Vargas is constantly running away from his wife. The opening kiss lasts only seconds, then the bomb. He talks to her like she's a child, then runs off. Next kiss takes place in the car, as he's taking her to be sadistically tormented at the motel. On a subconscious level, he's offering her as a sacrifice to forces of the underworld, so that he can go off on his odyssey against gangsters. An almost irritated look spreads across his face as he abruptly stops the car on the side of the road in order to give her a kiss, which again only lasts seconds. He's only too eager to jump out of the car and into the police car, leaving her behind, in the jaws of the big bad wolf. The next occasion of intimacy also lasts only seconds. He uses a blind woman's phone to place a call to the motel where she's a virtual captive (he's blind to her needs and to her distress). She begins to express her passion, how the sound of his breathing makes her yearn to be with him. He abruptly hangs up. Gotta go.

Then follows a scene of mental torment worthy of the Marquis de Sade. A family of gangsters torment the woman at a Bates style motel, complete with a psycho Norman Bates kind of night man. Vargas is totally blind to what's going on with his wife. Quinlan underlines this when he asks Vargas, at one point, about his wife and mentions the common sense question about why would a man dump his wife at a seedy motel in the middle of nowhere.

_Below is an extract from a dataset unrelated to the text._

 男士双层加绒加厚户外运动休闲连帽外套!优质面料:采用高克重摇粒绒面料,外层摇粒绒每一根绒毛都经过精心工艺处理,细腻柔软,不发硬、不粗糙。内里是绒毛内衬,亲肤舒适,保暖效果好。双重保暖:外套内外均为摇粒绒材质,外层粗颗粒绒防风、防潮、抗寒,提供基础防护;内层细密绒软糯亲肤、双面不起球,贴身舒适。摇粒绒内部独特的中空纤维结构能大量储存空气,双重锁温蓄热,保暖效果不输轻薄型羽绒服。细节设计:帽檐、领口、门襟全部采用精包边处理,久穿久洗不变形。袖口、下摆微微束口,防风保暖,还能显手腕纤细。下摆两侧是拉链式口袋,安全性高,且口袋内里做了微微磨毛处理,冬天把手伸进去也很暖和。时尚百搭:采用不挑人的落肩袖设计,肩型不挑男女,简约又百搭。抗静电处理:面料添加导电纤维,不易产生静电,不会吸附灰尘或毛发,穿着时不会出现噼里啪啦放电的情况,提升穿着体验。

The "good guy" is a poor listener. He never appears interested to find out what his wife has to say. They hurry off before she can explain the lightbulb throwing incident. They hurry off before she can show him the card the gangster delivered. Finally, when she's calls out to him from the fire escape, after waking up to the face of a strangled man, he doesn't hear. He hurries off to defend his honour, to throw a few punches. He's angry about what they did to his wife. He has his status as a man to defend. After he finds her in jail, again, he only stays for a minute and then leaves her. He doesn't show too much concern or curiosity about what she experienced at the motel. He probably figures he knows it all. Maybe he figures she doesn't have anything to say worth listening to. He doesn't want to waste his time hearing what she has to say. He's got to fight the dragon.

So much trouble would have been avoided if they had gotten on the plane, as they intended to do the next day after walking across the border into USA. Vargas insisted on going after the dragon. He never does slay the dragon. Quinlan sort of kills the dragon, as he strangles a bad guy, as Susie writhes and moans in bed, as if having an orgasm. Then Quinlan, who sort of takes on the role of evil, self-destructs. Vargas, the dragon slayer becomes a sleuth, slinking behind, eaves dropping with a tape recorder, wandering in the sewage and sludge, not very heroic.

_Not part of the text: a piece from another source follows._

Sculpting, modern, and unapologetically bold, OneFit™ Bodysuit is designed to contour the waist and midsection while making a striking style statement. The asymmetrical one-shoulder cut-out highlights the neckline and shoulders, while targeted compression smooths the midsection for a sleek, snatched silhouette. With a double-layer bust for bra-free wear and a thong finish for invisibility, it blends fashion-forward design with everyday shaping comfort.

Vargas comes across as the parody of a hero. After eaves dropping, he races away, with his princess, in a big car. He didn’t rescue her. He didn’t slay the dragon. But he’s still got the masculine grin and determination to show the world who he is.

Quinlan is almost heroic, but then he sinks into the sewage and sludge as he dies. He's certainly picturesque, even monumental. His presence evokes a lot of issues that could be explored, should one undertake a detailed study of this film. He was some kind of a man.